The finding lands as a data point on adoption that goes beyond retail hedging and into day-to-day treasury and settlement use by companies, banks, and fintechs.

Context: stablecoins as payment infrastructure in LatAm

Stablecoins are digital tokens designed to hold a stable value, typically pegged 1:1 to the U.S. dollar and backed by reserves of cash or short-term Treasuries. In Latin America, where many local currencies face inflation pressure or capital controls, households and businesses have used them for years to preserve purchasing power and move value across borders without traditional banking friction.

Cross-border payments have long been expensive and slow in the region. Traditional remittance channels often charge 5–7% (or more) and can take days to settle through correspondent banks. Stablecoins settle near-instantly on public blockchains at a fraction of the cost, which is why they gained early traction for remittances and freelance payouts.

What the new report highlights is that this use case has moved up the stack: institutions themselves are now embedding stablecoins into their own operations.

The 71% figure and supporting data

The Digital Chamber’s June 17, 2026 post cites the 71% adoption rate for cross-border payments as the highest of any global region. It also notes that on-chain crypto volume in Latin America rose 60% year-over-year in 2025, driven largely by stablecoins.

Supporting numbers from the report and aligned sources include:

  • $324 billion in stablecoin transaction volume across LATAM in 2025, an 89% year-over-year surge.
  • In Brazil, over 90% of all crypto flows are now stablecoin-related; in Argentina, over 60%.
  • Global B2B stablecoin volumes grew 30x over the past two years, with Latin American businesses, banks, and fintechs among the early adopters.

The OpenTrade LATAM Stablecoin Report echoes the volume picture: of roughly $730 billion in on-chain crypto received across the region in 2025, $324 billion moved as stablecoins.

Remittance economics add a concrete incentive. Mizuho research cited in the coverage puts stablecoin rails in the US–Mexico corridor at under 1% fees versus the traditional 5–7% average. Applied to the $142 billion sent from the United States to Latin America in 2025, that difference could translate to $6.1–8.9 billion in potential consumer savings if more flows shifted to lower-cost infrastructure.

Regulatory tailwinds

The numbers arrive against a backdrop of clearer rules on both sides of the border.

In the United States, the GENIUS Act (signed July 2025) created the first federal framework for payment stablecoins, requiring 1:1 high-quality reserves, attestations, and licensed U.S. issuance.
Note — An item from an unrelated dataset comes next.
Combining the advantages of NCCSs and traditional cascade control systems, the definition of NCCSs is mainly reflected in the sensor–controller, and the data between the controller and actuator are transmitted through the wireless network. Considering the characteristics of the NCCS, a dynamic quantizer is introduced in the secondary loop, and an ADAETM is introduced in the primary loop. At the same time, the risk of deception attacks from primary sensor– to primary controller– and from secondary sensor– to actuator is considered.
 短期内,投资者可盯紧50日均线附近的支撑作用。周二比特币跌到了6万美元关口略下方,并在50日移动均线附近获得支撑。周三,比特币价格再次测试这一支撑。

In Latin America, Brazil’s Virtual Assets Law, Argentina’s mandatory exchange registration regime, and Bolivia’s reversal of its long-standing crypto ban are all cited as factors that have made institutional use more feasible.

The result is not that every institution is now a crypto treasury, but that the rails are becoming reliable enough for production payment and settlement workflows.
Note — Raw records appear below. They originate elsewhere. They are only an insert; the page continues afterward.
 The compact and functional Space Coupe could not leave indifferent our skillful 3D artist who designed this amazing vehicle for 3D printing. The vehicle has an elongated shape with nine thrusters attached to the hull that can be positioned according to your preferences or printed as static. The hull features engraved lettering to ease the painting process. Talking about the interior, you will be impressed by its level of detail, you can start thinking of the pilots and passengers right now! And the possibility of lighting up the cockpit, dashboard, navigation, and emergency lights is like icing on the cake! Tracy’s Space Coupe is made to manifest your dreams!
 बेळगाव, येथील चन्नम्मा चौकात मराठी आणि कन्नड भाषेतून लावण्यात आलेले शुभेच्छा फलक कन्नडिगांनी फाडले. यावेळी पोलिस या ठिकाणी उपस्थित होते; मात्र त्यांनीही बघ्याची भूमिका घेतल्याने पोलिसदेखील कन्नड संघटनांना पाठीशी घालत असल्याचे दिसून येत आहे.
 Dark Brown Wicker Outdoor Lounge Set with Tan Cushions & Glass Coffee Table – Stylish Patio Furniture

Why this matters for Latin America

For companies and financial services firms operating across borders in the region, stablecoins reduce settlement time from days to minutes and cut FX and intermediary costs. That matters for payroll, supplier payments, treasury management, and any flow that previously required pre-funding accounts in multiple countries.
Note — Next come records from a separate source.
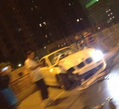 寶馬凌晨撞清涼門(mén)大橋上的南京護(hù)欄網(wǎng),寶馬車(chē)頭嚴(yán)重變形
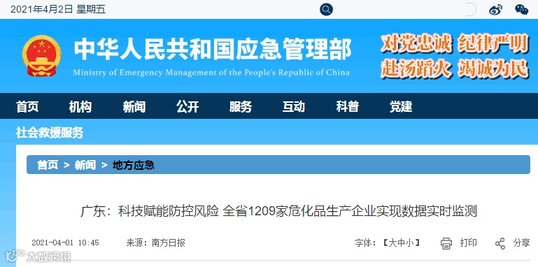 ▶▶▶广东省:全省1209家危化企业实时监控!
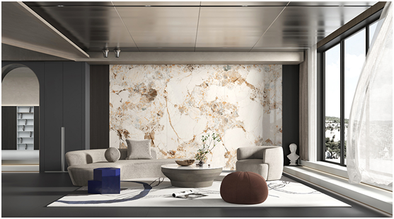 自帶高級時尚氣質(zhì),溫潤還原天然石材的逼真紋理,極富層次和流動質(zhì)感,如河流般蜿蜒靈動,交織著自然與藝術的碰撞。
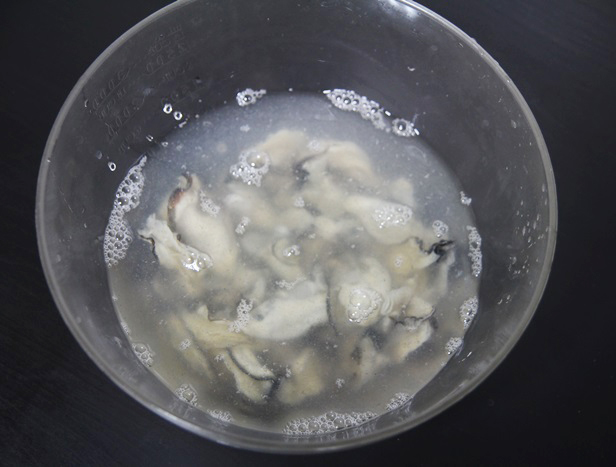 If you put radish juice in the oyster and stir it evenly, foreign substances (red) attached to the oyster will be blackened in the radish juice and removed neatly. When rinsing, soak it in thin salt water and rinse it several times.

For end users, the institutional layer creates more on-ramps and liquidity. When a Brazilian fintech or Mexican PSP can settle the cross-border leg in stablecoins and deliver via Pix or SPEI the same day, the experience for the person receiving the money improves even if they never touch a wallet.

The shift also intersects with self-custody. Many stablecoin flows begin or end in user-controlled wallets rather than leaving value parked on an exchange or in a traditional bank account exposed to local currency or counterparty risk. As more institutions build around these rails, the infrastructure that supports non-custodial holding and movement grows stronger.

Tourism and small business acceptance is another thread: hotels, restaurants, and service providers in several markets are starting to take stablecoin payments directly from visitors, avoiding FX spreads and card fees on both sides.

Takeaway

The 71% statistic is a snapshot of infrastructure adoption, not a price call. It shows that in Latin America, stablecoins have become a practical settlement layer for a large share of institutions moving value across borders — the highest such share reported anywhere.

For readers in the region, the practical takeaway is that the tools for cheaper, faster, and more sovereign cross-border value transfer continue to mature. Whether you are a freelancer, a business, or simply someone who prefers to hold dollars outside local banking channels, the on-ramps and off-ramps are becoming more embedded in the financial apps and services you already use.

Not financial advice. Stablecoins carry issuer, regulatory, peg, counterparty, and operational risks even when reserves are attested. Users and institutions should review the specific structure, attestations, and legal status of any token or rail they use and do their own research.